We all remember our shock at the senseless murder of 21-year-old Sam Cook who was stabbed in the Empire Bar on Seel Street in October of 2017. We’ve all seen bar brawls and street fighting over the years.
We’ve certainly all seen the brawl in Concert Square that made the national news where bouncers, punters and anyone with moving limbs seemed intent on knocking the stuffing out of each other. A friend in Belfast asked me about the brawl in the Black-E in 2018. This stuff happens, as does the stuff that doesn’t make the news.
I’m not suggesting you can’t walk down Seel Street with what Liam Neeson might call a cosh, but is the city as safe as all that?
You wouldn’t find me walking through certain streets at night; since the building works started there’s no way on earth I’d walk through Wolstenholme Square.
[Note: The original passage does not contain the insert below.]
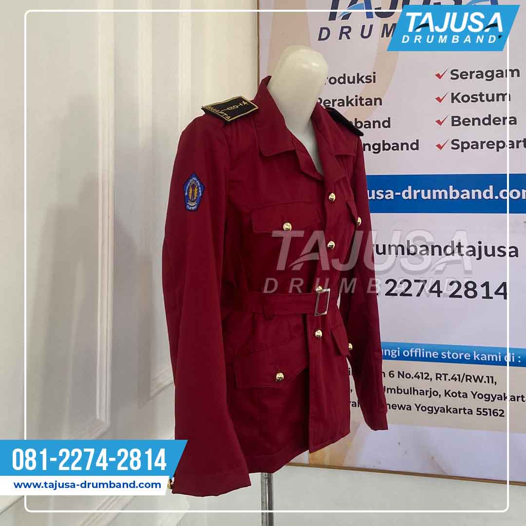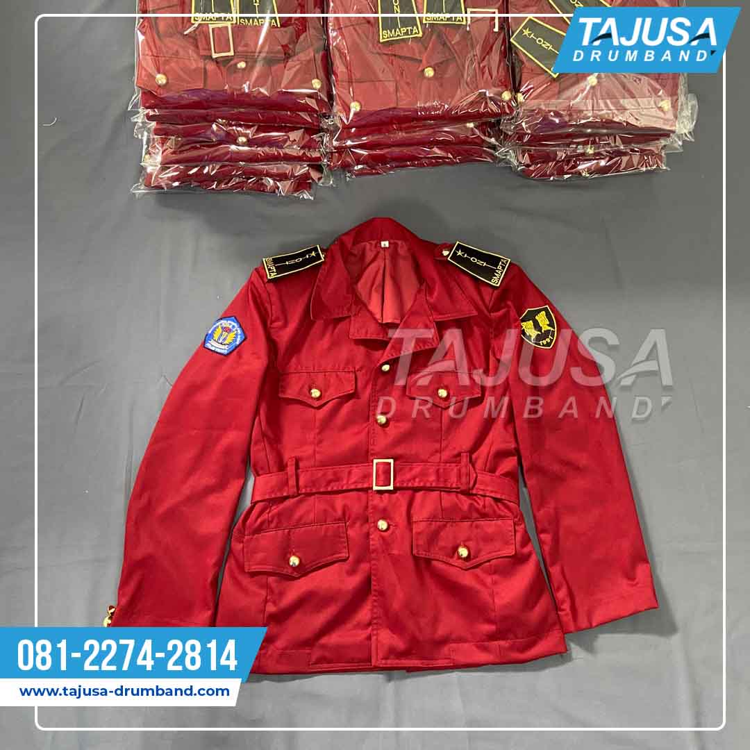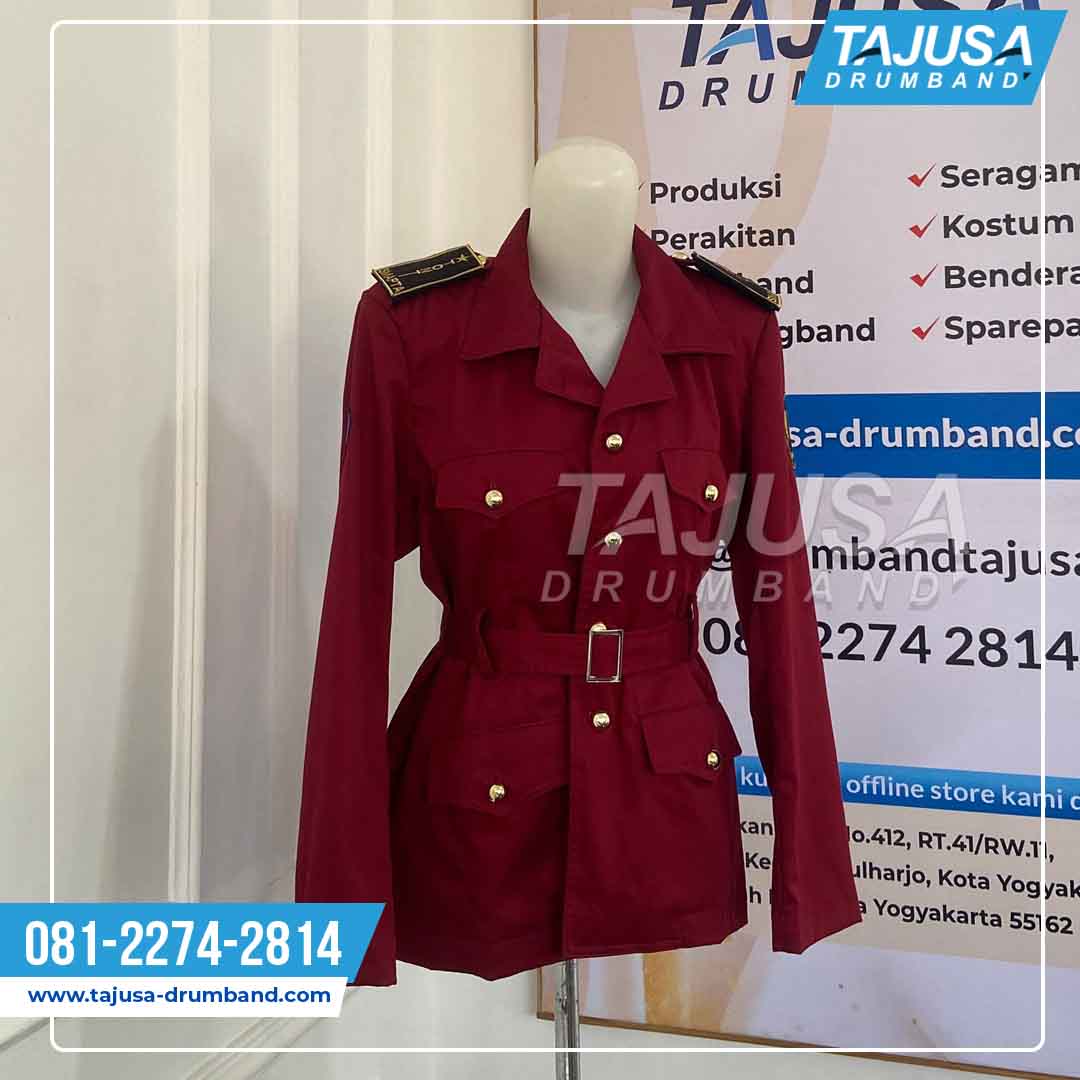 Dengan bahan yang kokoh dan desain yang elegan, seragam ini mendukung penampilan pasukan secara konsisten. Tampilan yang serasi, postur yang tegap, dan warna merah marun yang kuat membuat kesan barisan semakin berwibawa di mata penonton.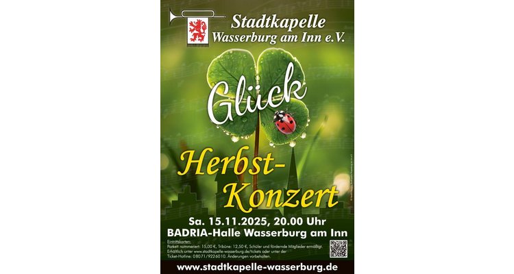 Einfach „das Glück“ ist das diesjährige Motto der Wasserburger Stadtkapelle beim Herbst-Konzert am Samstag, den 15. November, um 20 Uhr in der Badria-Halle. Die musikalische Gesamtleiterin der Stadtkapelle, Barbara T. Bschorr, hat für das große Blasorchester ein Programm zusammengestellt, in dem vielschichtige Lebensgefühle wie Mut, Liebe, Demut, Spiritualität und Zuversicht musikalisch betrachtet werden, eingepackt als Augenblicke des Glücks in eindrucksvoller Blasorchestermusik.

Large parts of the city can seem off-limits after certain times, and for a few people I know, anything after 11pm is just a no-no.
There is a lot to consider in a debate as wide-ranging as safe city centres.
Street lighting, the late-night police presence, the competence of door staff, areas of known trouble and making sure drunks know when to go home and can get home safely are all crucial to ensuring everyone can have a great night out.
But that brings me back to where we started.
This study is just PR surely, the numbers are remarkable given recent events, I’m not sure reality backs it up, so what is the point in this stuff, who writes it and what is their agenda.
And more importantly, who do they talk to?